SBA loans require more verification than cash deals. Lenders must prove your business can support the debt and that the price is justified. Everyone wants the deal to close; the process just takes time.

Quick Navigation

📅 The Timeline (Start Here)

🎯 Key Concepts

📋 Quick Reference


The typical SBA acquisition follows four distinct phases:

PHASE 1: Initial Submission (Days 1-7)
→ Buyer submits full package to bank
→ Bank responds with proposal in 24-48 hours
→ Buyer signs proposal + pays deposit ($2,500-$5,000)
→ Bank requests underwriting documents

PHASE 2: Underwriting (Weeks 1-4)
→ Bank assigns to underwriter (once ALL docs received)
→ Underwriting takes 1.5-3 weeks
→ Credit committee reviews and approves
→ Commitment letter issued within 24-48 hours

PHASE 3: Closing Preparation (Weeks 4-8)
→ Buyer signs commitment letter
→ Bank assigns closer within 1-3 days
→ Closing requirements distributed
→ Purchase agreement negotiated (often the biggest delay)
→ Insurance, legal docs, lien searches completed
→ Takes 3-5 weeks on average

PHASE 4: Final Approval & Closing (Weeks 8-10)
→ All closing needs delivered to bank
→ SBA E-Tran authorization requested (~1 week before closing)
→ E-Tran authorization received (24-48 hours for PLP, 10-20 days for non-PLP)
→ Bank prepares documents and assigns closing date
→ Closing and funding

What sellers miss: The bank won’t schedule a closing date until nearly all requirements are met AND they have final SBA E-Tran authorization (24-48 hours for PLP banks, 10-20 days for non-PLP). This is why Phase 3-4 feels slow—they’re waiting on multiple third parties (lawyers, insurance, SBA) before they can commit to a date.

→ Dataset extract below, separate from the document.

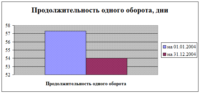 Так продолжительность одного оборота оборотных активов в ООО «Крузарус» составляет 54 дня, что очень много даже по меркам России. Необходимо также учесть, что данный показатель хоть и высокий, но имеется тенденция к его уменьшению в 2004 году.

Phase 1: Initial Submission (Days 1-7)

Day 1-2: Buyer submits to bank

Your buyer (or their broker) submits a complete package to the bank. If everything is included, the bank typically responds with a loan proposal within 24-48 hours.

Day 3-5: Buyer accepts proposal

The buyer signs the proposal and pays a good faith deposit ($2,500-$5,000, fully refundable if not approved). This deposit covers all third-party reports including valuation, background checks, and lien searches. The bank then requests additional underwriting documents within 24-48 hours.

Documents needed at this stage:

  • 3 years of business tax returns
  • 12-24 months of P&Ls with add-back documentation
  • Bank statements matching reported revenue
  • Platform analytics (Stripe, Shopify, etc.)
  • Customer/vendor contracts (if applicable)
  • Asset list (equipment, software, IP)

Note: The file won’t get assigned to an underwriter until ALL documents are received. Incomplete submissions cause the biggest delays in this phase.

Your job: Provide documents immediately. Every day of delay here extends the entire timeline.


Phase 2: Underwriting (Weeks 1-4)

Week 1-2: File assigned to underwriter

Once ALL documents are received (not before), the bank assigns the file to an underwriter. The underwriting process takes 1.5-3 weeks depending on bank backlog and time of year.

What underwriting verifies:

  • Reconciles bank deposits to platform reports and tax returns
  • Calculates debt service coverage ratio (DSCR) - needs to be 1.25x or higher
  • Reviews add-backs for legitimacy
  • Assesses concentration risk (customers, platforms, traffic sources)
  • Orders third-party valuation (takes 2-4 weeks)

During underwriting: The underwriter may request additional documentation. Respond quickly—delays here extend the timeline.

Week 3-4: Credit committee approval

Once underwriting is complete, the file goes to the credit committee for decision. This typically happens within 24-48 hours (sometimes same day).

If approved, the bank issues a commitment letter—usually within 24 hours of approval.

Your job: Respond to any follow-up questions immediately. The faster the underwriter gets answers, the faster they can finish.


Phase 3: Closing Preparation (Weeks 4-8)

This is where most sellers are when they feel stuck.

Week 4-5: Commitment letter signed

The buyer receives and signs the commitment letter. Within 1-3 days, the bank assigns a closer who provides a detailed list of closing requirements.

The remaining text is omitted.